RECORDS FOR THIS TASK
↓↓↓
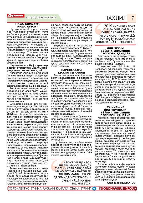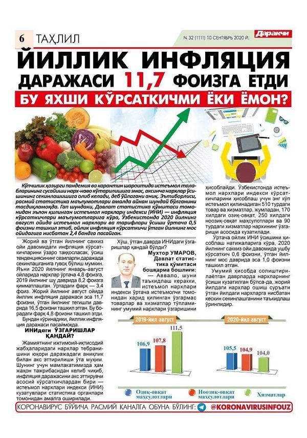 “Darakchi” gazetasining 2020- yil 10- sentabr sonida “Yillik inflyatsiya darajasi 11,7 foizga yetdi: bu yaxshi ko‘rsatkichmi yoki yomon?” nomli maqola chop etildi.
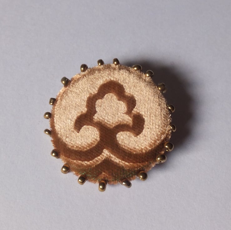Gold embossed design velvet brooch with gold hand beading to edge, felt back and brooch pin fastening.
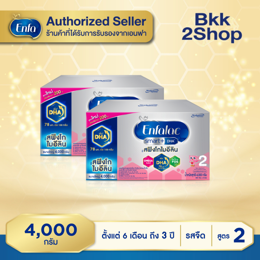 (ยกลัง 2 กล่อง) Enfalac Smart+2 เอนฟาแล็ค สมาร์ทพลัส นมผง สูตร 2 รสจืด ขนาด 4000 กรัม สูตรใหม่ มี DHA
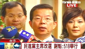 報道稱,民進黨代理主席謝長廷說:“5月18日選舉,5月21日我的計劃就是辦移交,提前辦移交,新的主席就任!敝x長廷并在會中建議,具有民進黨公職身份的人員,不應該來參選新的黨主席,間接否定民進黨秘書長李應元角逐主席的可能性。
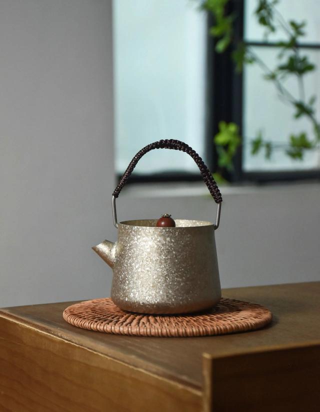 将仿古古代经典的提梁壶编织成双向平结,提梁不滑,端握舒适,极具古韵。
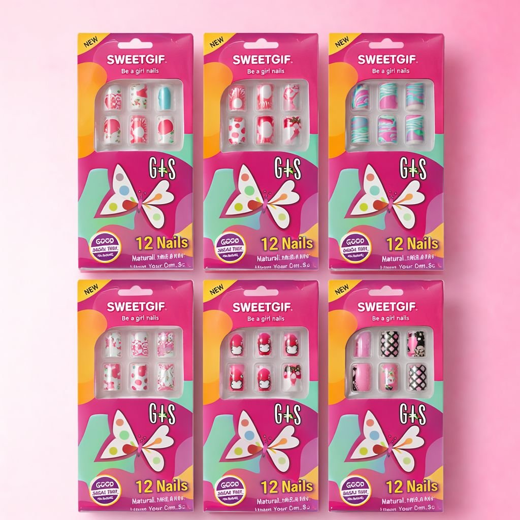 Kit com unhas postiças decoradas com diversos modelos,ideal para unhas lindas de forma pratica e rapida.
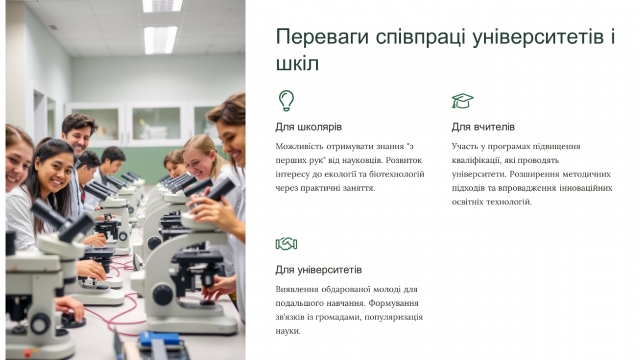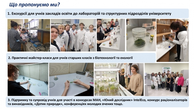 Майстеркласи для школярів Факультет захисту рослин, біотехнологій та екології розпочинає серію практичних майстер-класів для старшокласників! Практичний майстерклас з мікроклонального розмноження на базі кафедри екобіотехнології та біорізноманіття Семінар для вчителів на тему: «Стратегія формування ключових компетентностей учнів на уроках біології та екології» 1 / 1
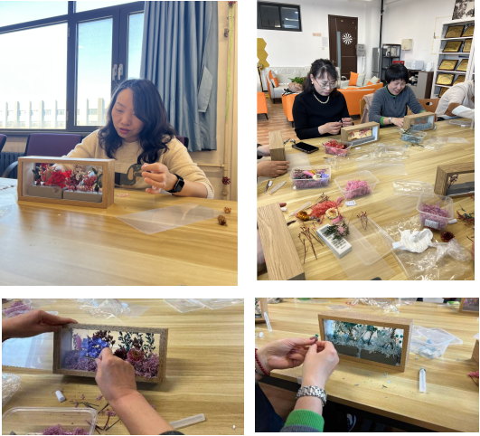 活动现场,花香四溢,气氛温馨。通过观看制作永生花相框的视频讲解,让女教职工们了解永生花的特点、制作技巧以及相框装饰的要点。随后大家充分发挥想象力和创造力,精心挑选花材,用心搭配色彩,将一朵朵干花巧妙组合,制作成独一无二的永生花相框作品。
↑↑↑
↓↓↓
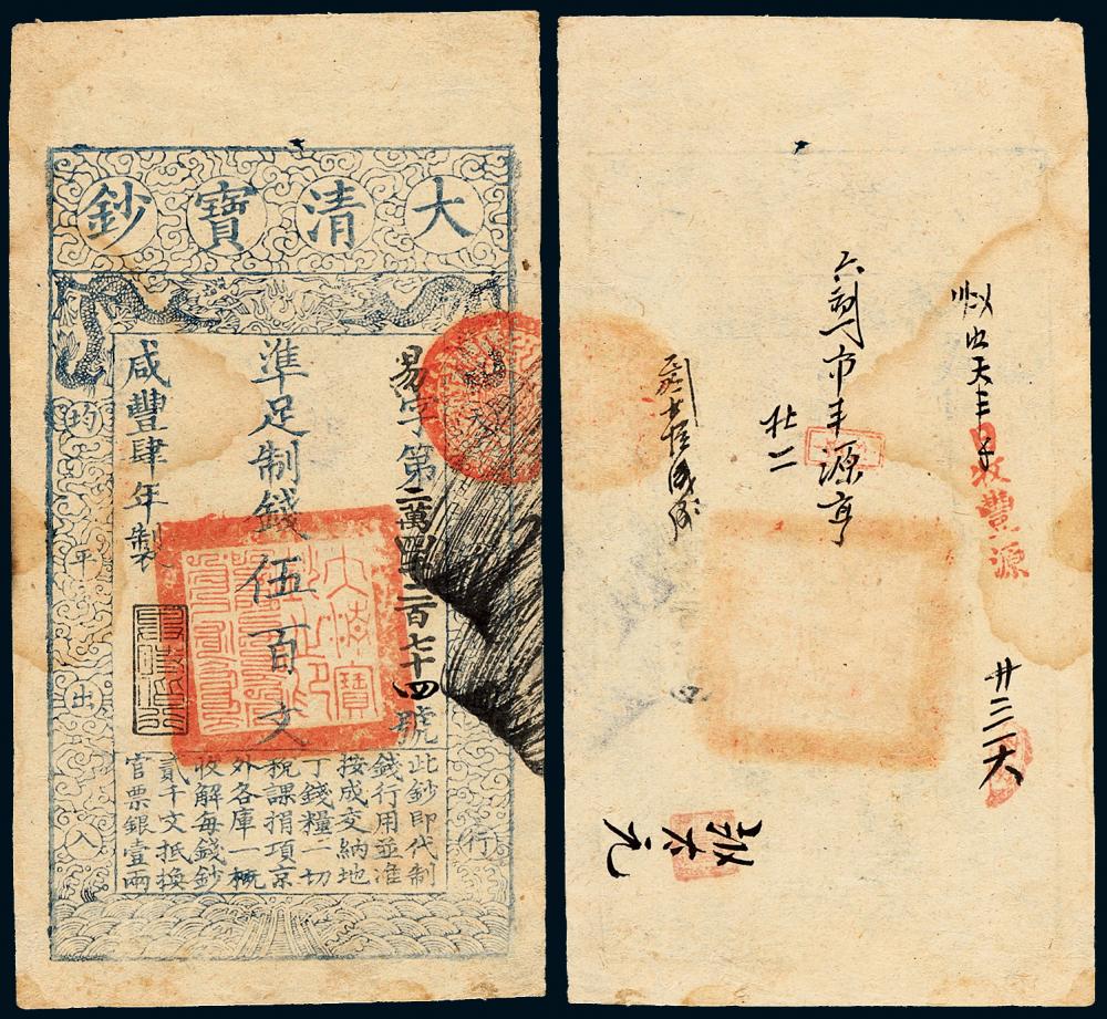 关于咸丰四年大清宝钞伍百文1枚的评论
↑↑↑
WORK REQUIRED
The lines to set down run from the line with "Gold embossed design" up to and including the line with "(ยกลัง 2 กล่อง)" in the entries above. Reproduce them exactly, with no pictures.

EXERCISE SOLUTION
Gold embossed design velvet brooch with gold hand beading to edge, felt back and brooch pin fastening.
 (ยกลัง 2 กล่อง) Enfalac Smart+2 เอนฟาแล็ค สมาร์ทพลัส นมผง สูตร 2 รสจืด ขนาด 4000 กรัม สูตรใหม่ มี DHA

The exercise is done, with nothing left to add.